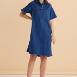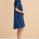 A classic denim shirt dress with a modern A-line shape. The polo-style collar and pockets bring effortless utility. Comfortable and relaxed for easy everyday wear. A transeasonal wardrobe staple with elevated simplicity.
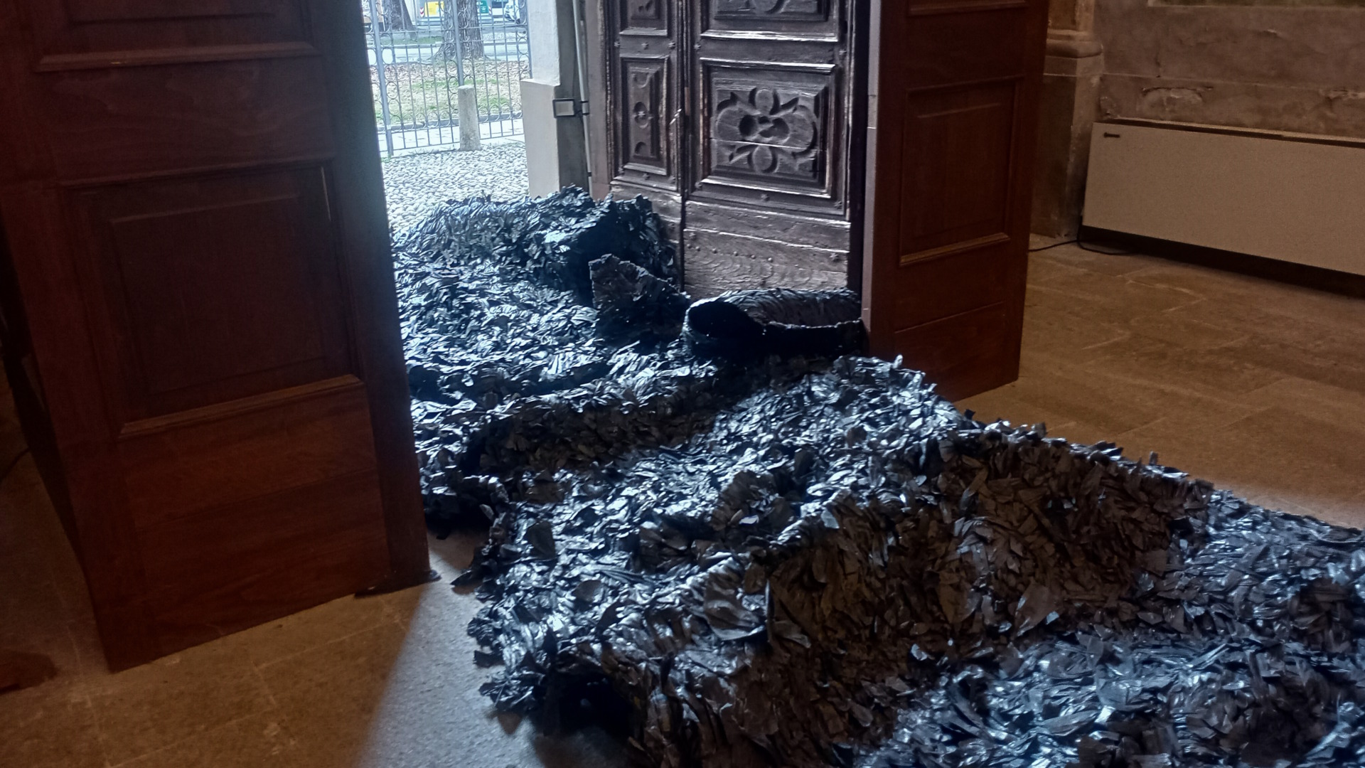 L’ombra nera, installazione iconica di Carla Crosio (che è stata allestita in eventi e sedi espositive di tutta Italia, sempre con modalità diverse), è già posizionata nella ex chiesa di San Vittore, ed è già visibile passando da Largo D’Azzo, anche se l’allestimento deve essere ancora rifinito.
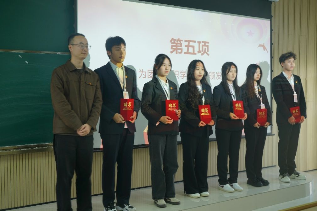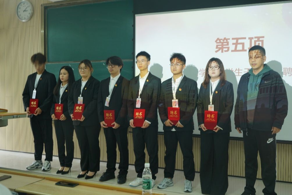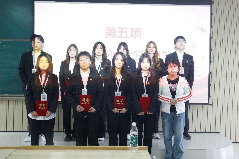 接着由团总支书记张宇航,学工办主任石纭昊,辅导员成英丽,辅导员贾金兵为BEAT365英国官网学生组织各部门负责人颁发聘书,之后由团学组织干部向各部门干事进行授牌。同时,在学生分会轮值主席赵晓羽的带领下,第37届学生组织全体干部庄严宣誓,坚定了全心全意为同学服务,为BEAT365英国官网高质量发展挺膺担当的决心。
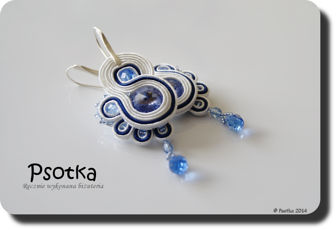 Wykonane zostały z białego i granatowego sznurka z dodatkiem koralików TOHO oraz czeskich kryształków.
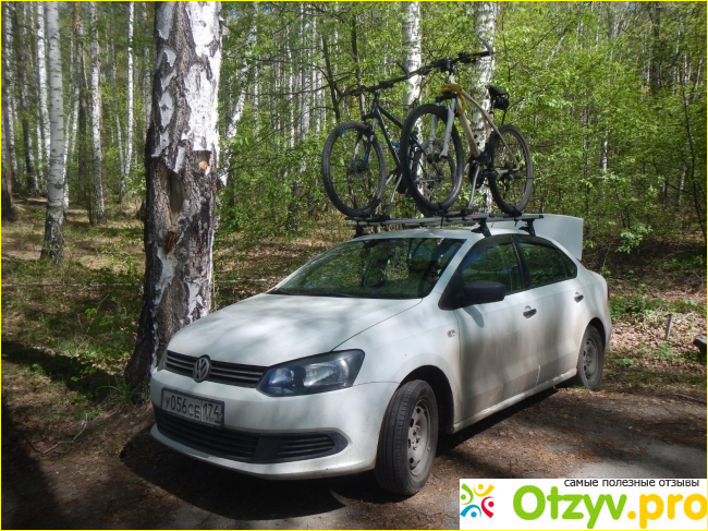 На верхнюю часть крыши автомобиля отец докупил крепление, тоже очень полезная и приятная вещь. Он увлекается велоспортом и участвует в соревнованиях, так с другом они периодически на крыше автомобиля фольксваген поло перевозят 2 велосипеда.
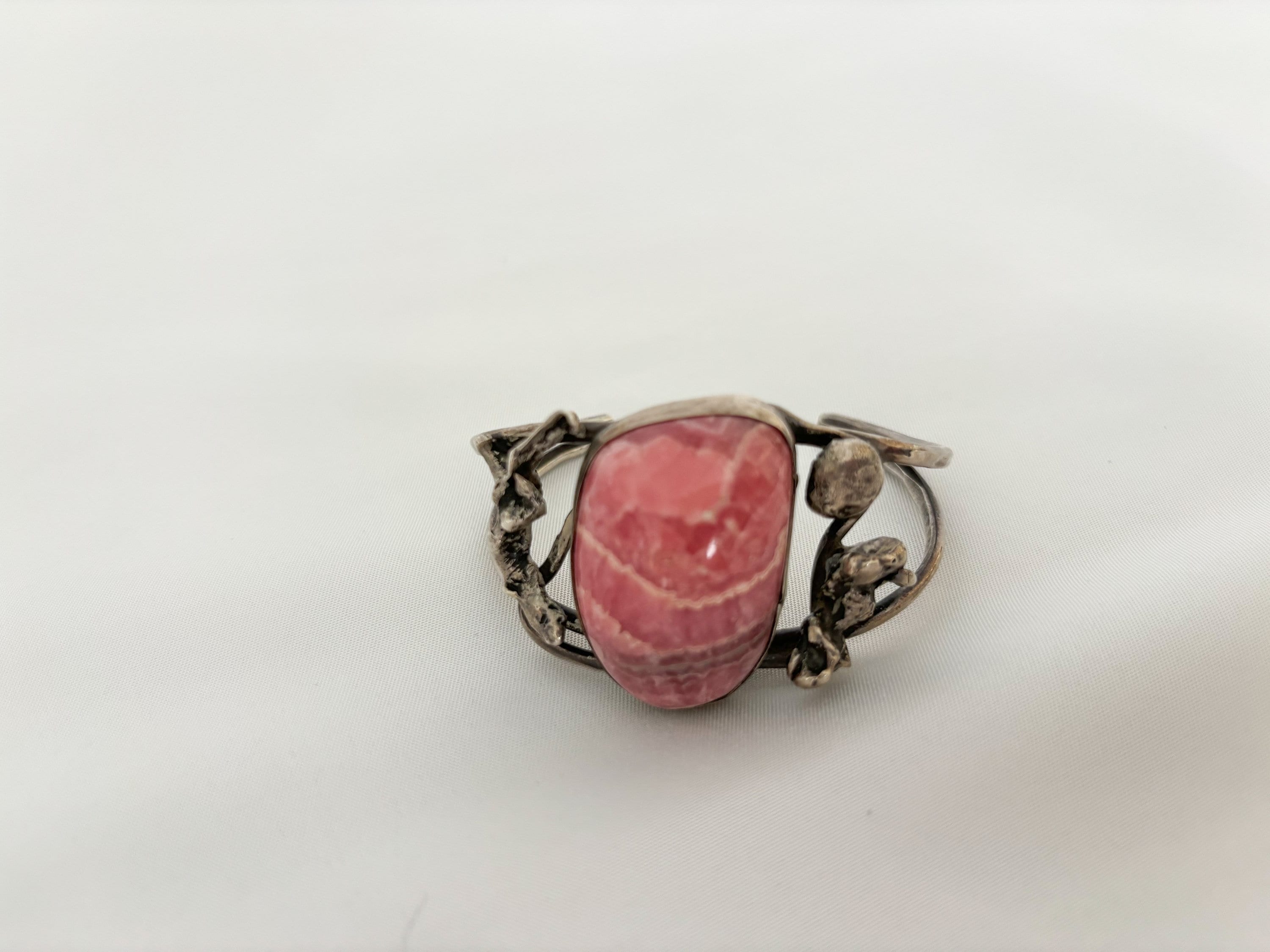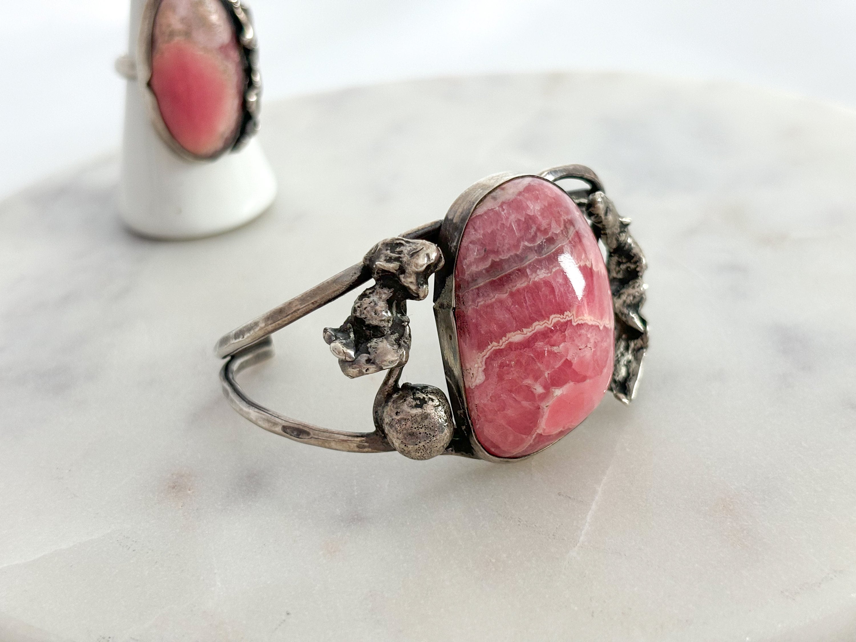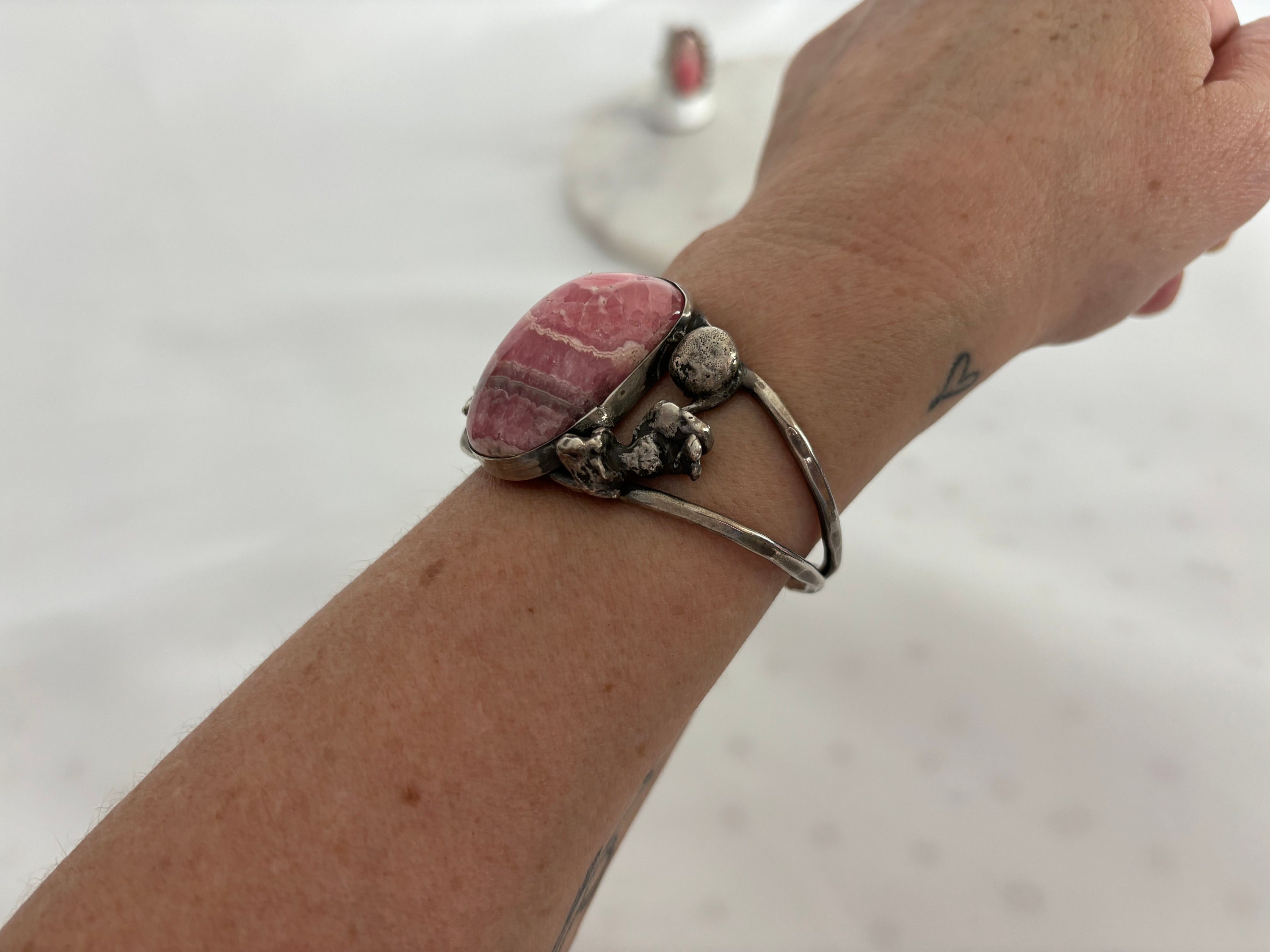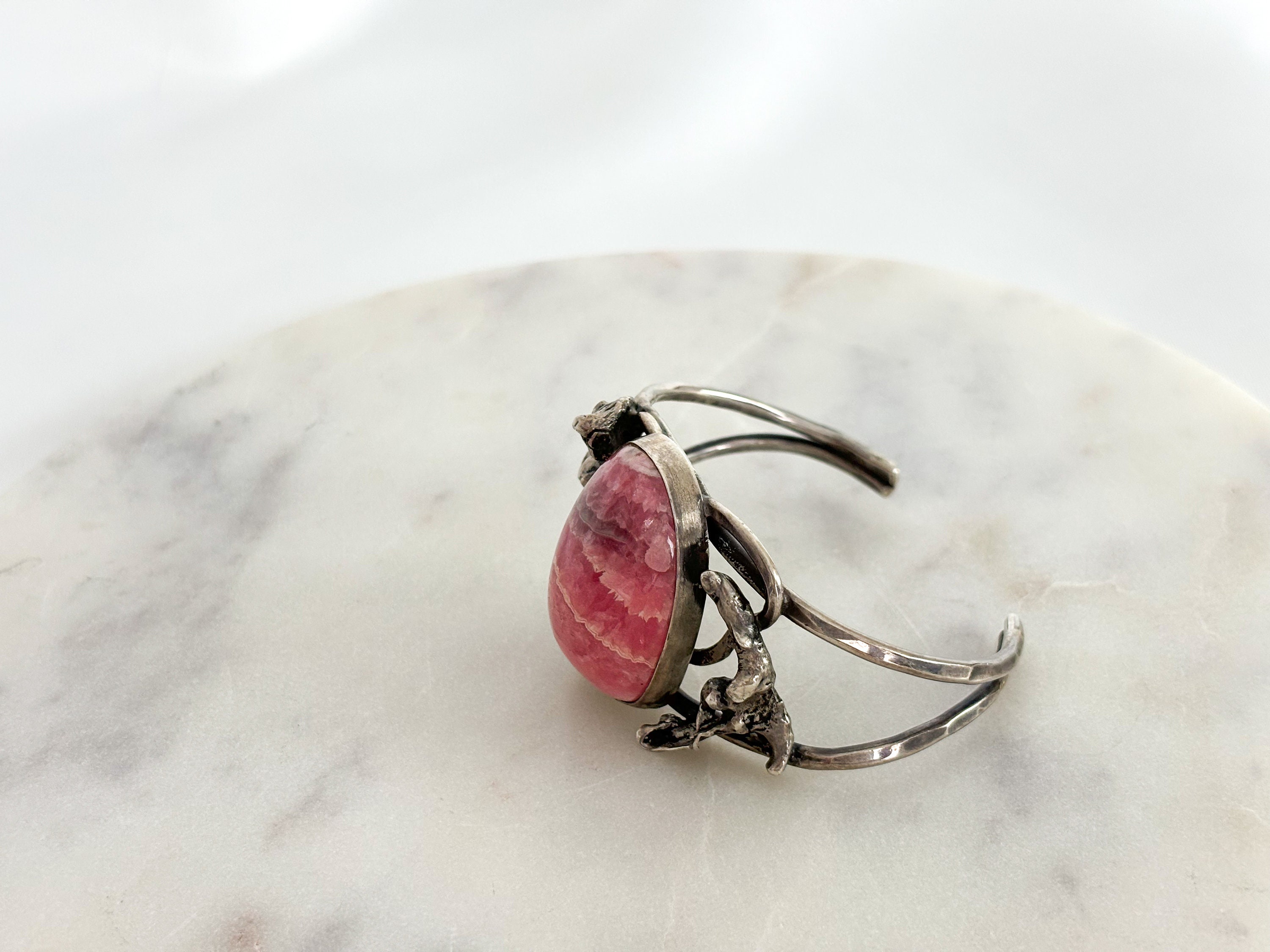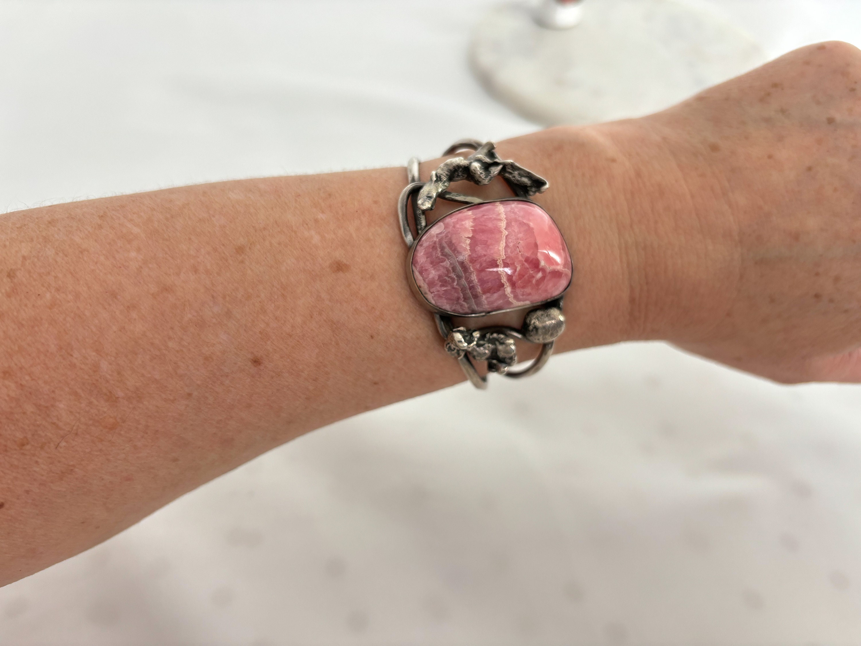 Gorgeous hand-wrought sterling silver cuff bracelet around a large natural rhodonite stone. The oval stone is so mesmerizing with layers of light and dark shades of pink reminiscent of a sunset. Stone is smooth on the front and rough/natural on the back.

+++++

PROBLEM TO WORK ON:
Look above for the line with "接着由团总支书记张宇航,学工" and the line with "На верхнюю часть"; set down those two lines and all lines between them exactly, without pictures and without anything else.

EXPECTED ANSWER:
 接着由团总支书记张宇航,学工办主任石纭昊,辅导员成英丽,辅导员贾金兵为BEAT365英国官网学生组织各部门负责人颁发聘书,之后由团学组织干部向各部门干事进行授牌。同时,在学生分会轮值主席赵晓羽的带领下,第37届学生组织全体干部庄严宣誓,坚定了全心全意为同学服务,为BEAT365英国官网高质量发展挺膺担当的决心。
 Wykonane zostały z białego i granatowego sznurka z dodatkiem koralików TOHO oraz czeskich kryształków.
 На верхнюю часть крыши автомобиля отец докупил крепление, тоже очень полезная и приятная вещь. Он увлекается велоспортом и участвует в соревнованиях, так с другом они периодически на крыше автомобиля фольксваген поло перевозят 2 велосипеда.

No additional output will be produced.